Nunca tomei café. Sequer provei a bebida que é símbolo de um Brasil pra turista ver. Freud explica. Minha mãe aprecia café. Diariamente. E tem de ser bem quente. Nunca perguntei a ela, mas imagino que esse gosto tenha se intensificado por conta da profissão. Professora de Língua Portuguesa, os intervalos sempre foram regados a café. E dá-lhe cafeína pra manter o pique em sala de aula...
Enfim. Quando fui gerado e estava em desenvolvimento dentro do útero de minha mãe, curiosamente ela sentia enjoo sempre que tentava tomar café. Em resumo, mesmo no ventre eu consegui achar uma forma de impedir que a minha mãe tomasse café. Porque antes mesmo de ser considerado um ser humano eu já havia estabelecido que a bebida extraída desse grão torrado jamais faria parte da minha vida.
Durante nove meses frustrei um dos prazeres da vida da minha mãe. E registro aqui, de maneira formal, um expresso pedido de perdão por esse disparate.
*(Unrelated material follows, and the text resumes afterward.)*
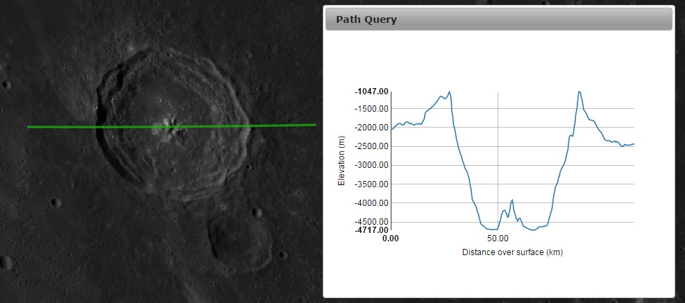 Imagem: O perfil altimétrico W - E da cratera BULLIALDUS - NASA/QuickMap.

Pra surpresa de esquerdistas a patriotas, e até mesmo da turma do Centrão e dos isentões, jamais provei café. Nenhuma gota sequer. “Nem bala de café?”, questiona Bruno, meu colega sentado à direita. Nem mesmo bala. E assim seguirei dessa vida pra um outro plano astral, pro céu ou reencarnado em um novo ser que, antes mesmo de ser considerado humano, nascerá convicto de que o café nunca será consumido. Por todo o sempre.
Confesso, já tentei provar. Segurei a xícara pela aba, levantei e, bem perto da boca, o cheiro, que encanta a todos, embrulhou-me o estômago e desisti pra nunca mais tentar. Contudo, nem mesmo mergulhado em uma banheira de café provocaria em mim tamanha náusea quanto a reportagem que li no dia 20 de janeiro. No portal de notícias Sumaúma, Ana Maria Machado, Talita Bedinelli e Eliane Brum publicaram um texto duro de ler, mas urgente.
A reportagem abre assim: “A criança Yanomami já tinha vivido 1.095 dias, mas pesava o mesmo que um bebê que acabara de nascer. Três anos e 3,6 quilos. O número traduz o que uma série de fotografias recentes recebidas por Sumaúma mostram: corpos de crianças e velhos, com peles que recobrem apenas os ossos, tão fragilizados que mal parecem se equilibrar. Costelas que parecem perfurar os corpos minúsculos contrastam com barrigas enormes, povoadas por vermes”. Mais adiante, detalhavam o horror: “vermes que saem pela boca”.
E tem gente que me trata como uma aberração por não tomar café. Aberração é ver ser humano morrer por não ser considerado humano. Aberração é lançar um véu de invisibilidade diante da tragédia. Pior aberração ainda é negar vermífugo pra matar vermes, antiparasitários pra matar malária, ou ainda, analgésicos pra aplacar a dor por causa da dengue. De 2019 a 2022, segundo a Sumaúma “570 crianças com menos de 5 anos morreram no território Yanomami pelo que as estatísticas chamam de ‘mortes evitáveis’.
Não quero demover ninguém de tomar seu cafezinho. Mas, por curiosidade, fiz uma rápida pesquisa de preços. Com o dinheiro usado pra comprar meio quilo de café, daria pra adquirir cerca de dez comprimidos vermífugos. Ou ainda, comprar mais de 20 comprimidos analgésicos. E, pelo menos, uma caixa de seis comprimidos de medicamento pra combater a malária. Tudo é uma questão de prioridade.
O Brasil pra turista ver pode e deve continuar a celebrar o café. Contudo, é tristemente simbólico que sejamos reconhecidos mundo afora como o país que persegue, mata e invisibiliza o povo que já estava aqui antes de o Brasil nascer. Renato Russo, profético dos tempos sisudos, já havia cantado: “Quem me dera, ao menos uma vez / Que o mais simples fosse visto como o mais importante / Mas nos deram espelhos e vimos um mundo doente”.